Your assignment:
Write the listing out again word for word, skipping each picture.

Data below:
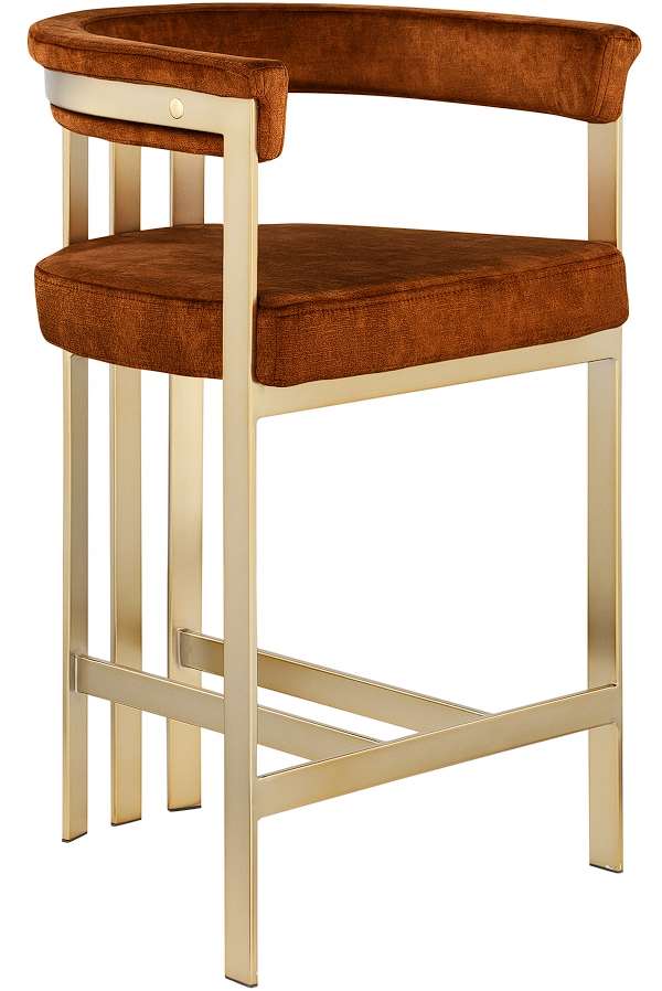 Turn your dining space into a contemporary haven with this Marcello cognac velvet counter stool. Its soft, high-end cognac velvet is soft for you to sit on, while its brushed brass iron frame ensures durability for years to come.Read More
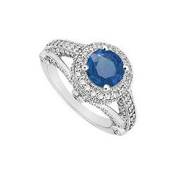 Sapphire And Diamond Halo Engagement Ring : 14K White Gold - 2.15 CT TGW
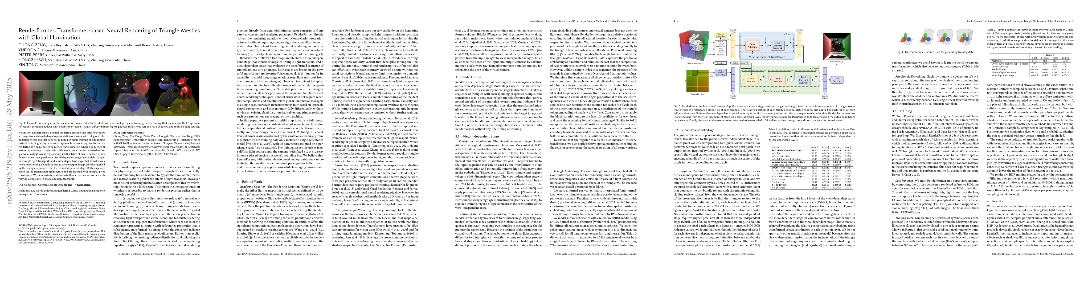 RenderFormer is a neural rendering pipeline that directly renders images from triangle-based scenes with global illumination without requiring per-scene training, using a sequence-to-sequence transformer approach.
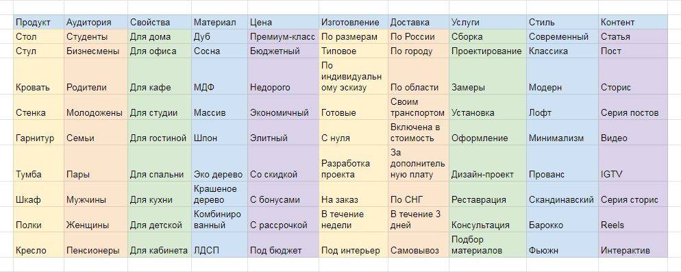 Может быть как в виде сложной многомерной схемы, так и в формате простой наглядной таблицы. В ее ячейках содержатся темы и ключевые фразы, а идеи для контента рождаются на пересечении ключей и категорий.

Answer section:
 Turn your dining space into a contemporary haven with this Marcello cognac velvet counter stool. Its soft, high-end cognac velvet is soft for you to sit on, while its brushed brass iron frame ensures durability for years to come.Read More
 Sapphire And Diamond Halo Engagement Ring : 14K White Gold - 2.15 CT TGW
 RenderFormer is a neural rendering pipeline that directly renders images from triangle-based scenes with global illumination without requiring per-scene training, using a sequence-to-sequence transformer approach.
 Может быть как в виде сложной многомерной схемы, так и в формате простой наглядной таблицы. В ее ячейках содержатся темы и ключевые фразы, а идеи для контента рождаются на пересечении ключей и категорий.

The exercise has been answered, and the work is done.